- [Extracted data]
···

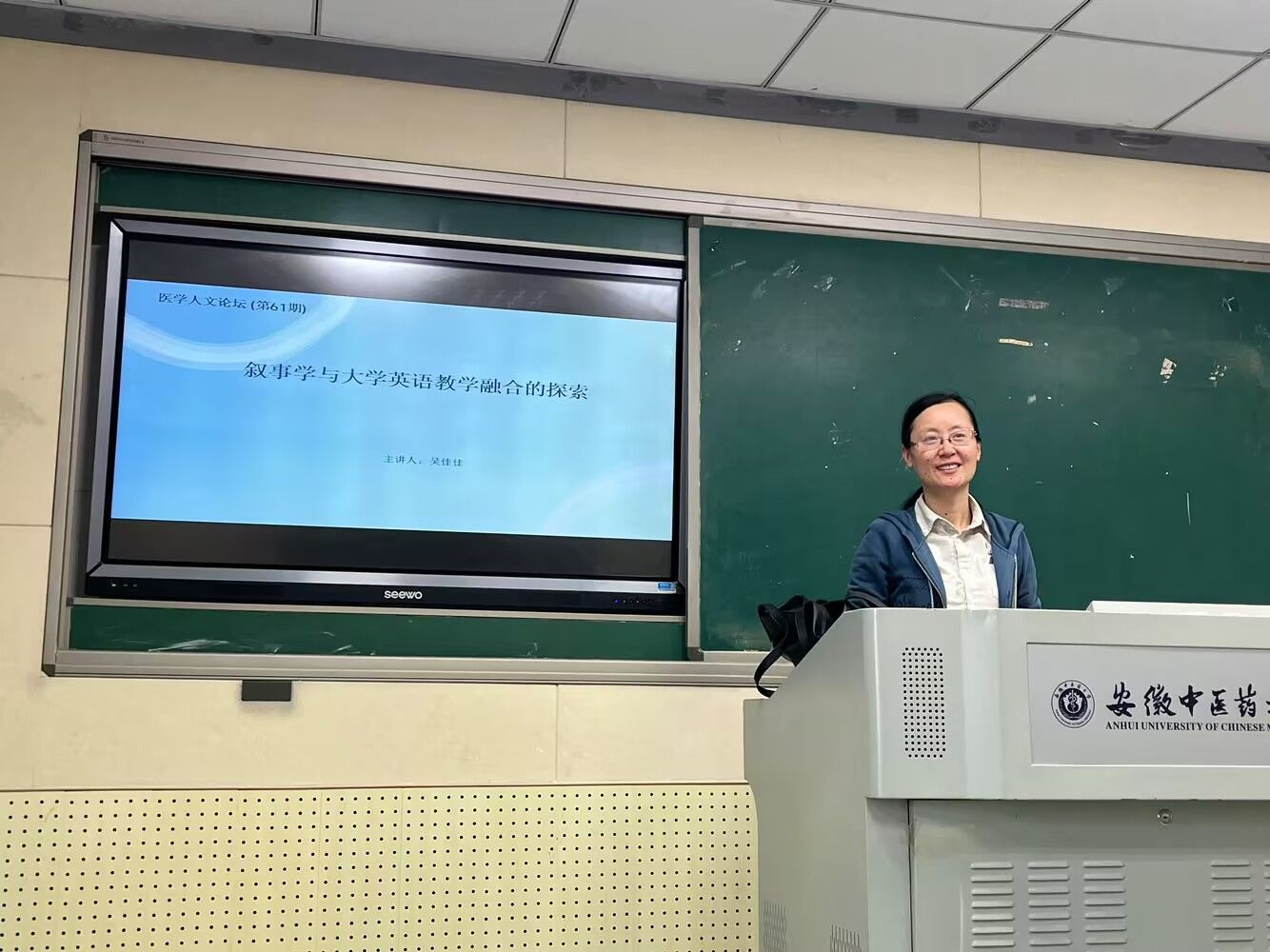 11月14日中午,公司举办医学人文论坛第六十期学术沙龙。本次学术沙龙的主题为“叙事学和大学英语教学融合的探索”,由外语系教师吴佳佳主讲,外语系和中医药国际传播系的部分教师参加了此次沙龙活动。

···

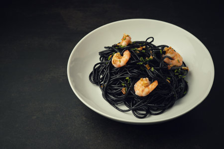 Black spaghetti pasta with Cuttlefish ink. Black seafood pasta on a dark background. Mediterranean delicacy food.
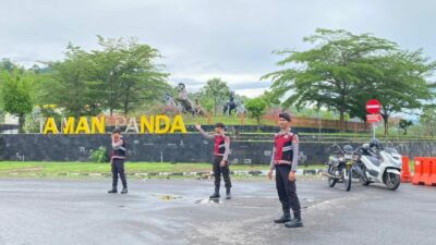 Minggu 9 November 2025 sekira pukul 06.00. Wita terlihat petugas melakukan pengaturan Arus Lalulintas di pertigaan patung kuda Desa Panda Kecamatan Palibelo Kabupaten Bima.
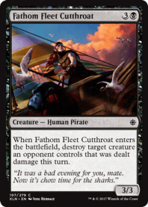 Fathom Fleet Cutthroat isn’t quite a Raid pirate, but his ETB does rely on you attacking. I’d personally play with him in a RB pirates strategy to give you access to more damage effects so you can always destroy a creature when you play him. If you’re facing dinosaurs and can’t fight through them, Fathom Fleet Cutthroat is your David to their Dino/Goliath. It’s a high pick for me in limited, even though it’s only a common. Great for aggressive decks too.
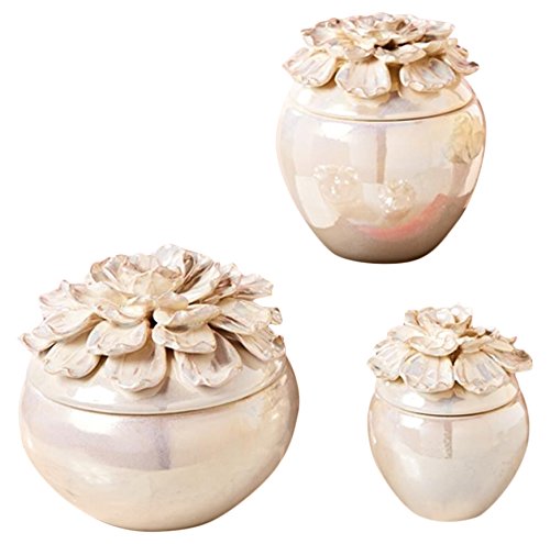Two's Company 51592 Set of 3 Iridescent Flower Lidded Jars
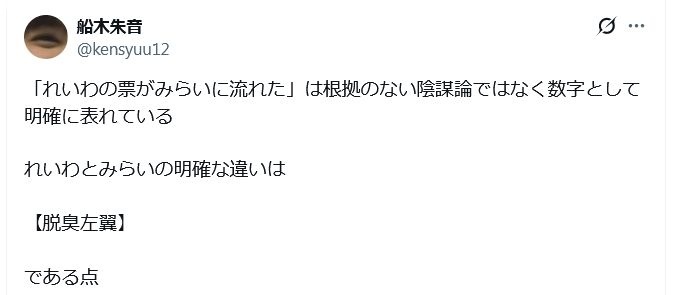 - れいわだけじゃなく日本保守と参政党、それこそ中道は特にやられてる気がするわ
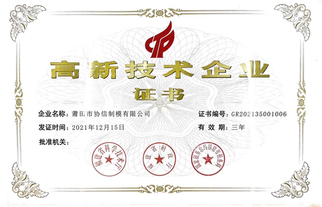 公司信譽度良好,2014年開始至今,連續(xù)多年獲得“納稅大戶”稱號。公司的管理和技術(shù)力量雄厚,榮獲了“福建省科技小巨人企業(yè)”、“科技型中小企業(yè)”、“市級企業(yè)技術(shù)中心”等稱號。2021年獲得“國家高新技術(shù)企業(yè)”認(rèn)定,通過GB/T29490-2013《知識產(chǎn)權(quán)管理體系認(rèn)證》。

···

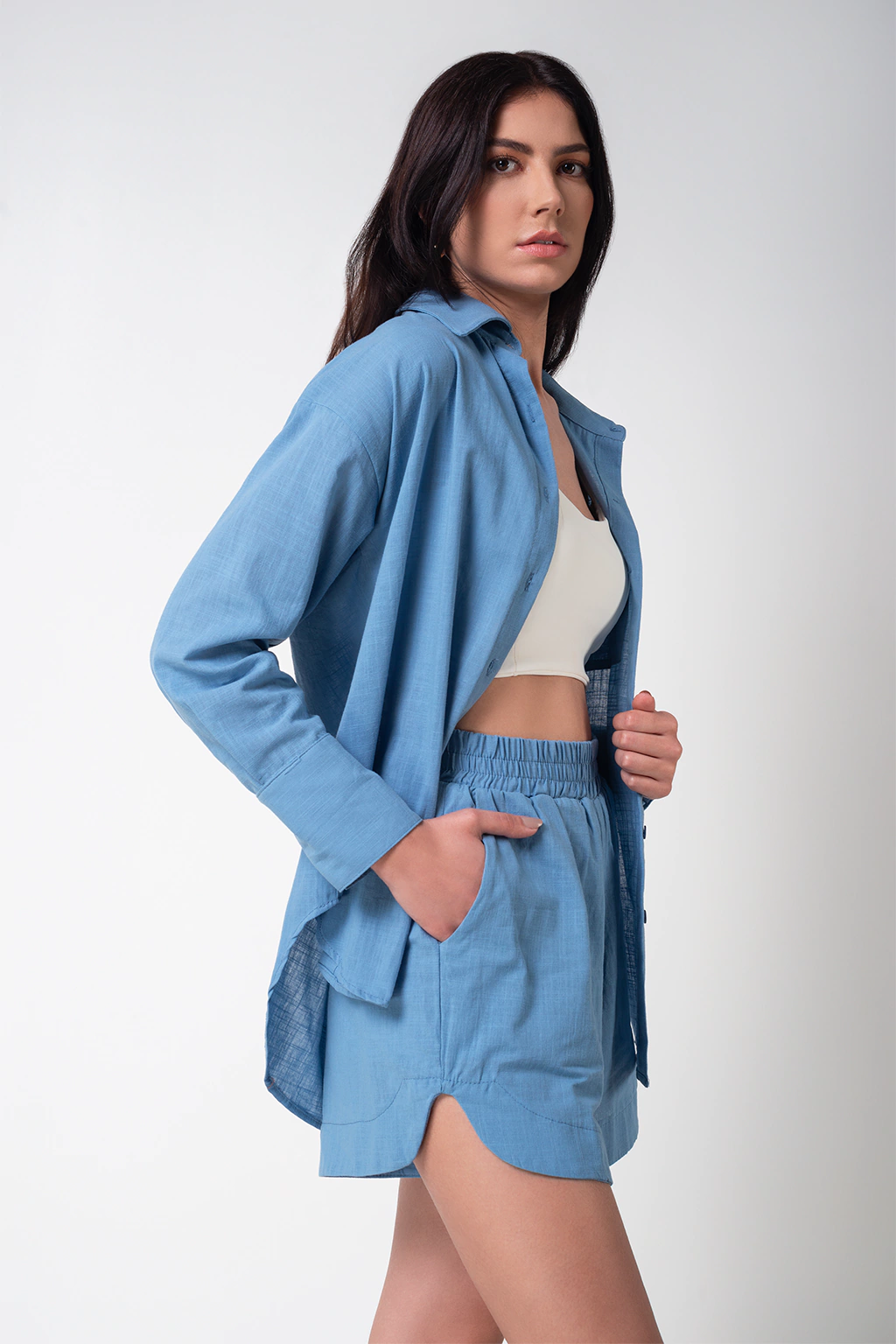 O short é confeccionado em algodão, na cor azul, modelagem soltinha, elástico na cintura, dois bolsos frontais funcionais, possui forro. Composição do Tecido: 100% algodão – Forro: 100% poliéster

···

- [Exercise details] When copying from the data above, begin at the line containing "Two's Company 51592" and end at the line containing "公司信譽度良好,2014年開"; return those lines exactly and leave all pictures behind.

- [Finished task]
Two's Company 51592 Set of 3 Iridescent Flower Lidded Jars
 - れいわだけじゃなく日本保守と参政党、それこそ中道は特にやられてる気がするわ
 公司信譽度良好,2014年開始至今,連續(xù)多年獲得“納稅大戶”稱號。公司的管理和技術(shù)力量雄厚,榮獲了“福建省科技小巨人企業(yè)”、“科技型中小企業(yè)”、“市級企業(yè)技術(shù)中心”等稱號。2021年獲得“國家高新技術(shù)企業(yè)”認(rèn)定,通過GB/T29490-2013《知識產(chǎn)權(quán)管理體系認(rèn)證》。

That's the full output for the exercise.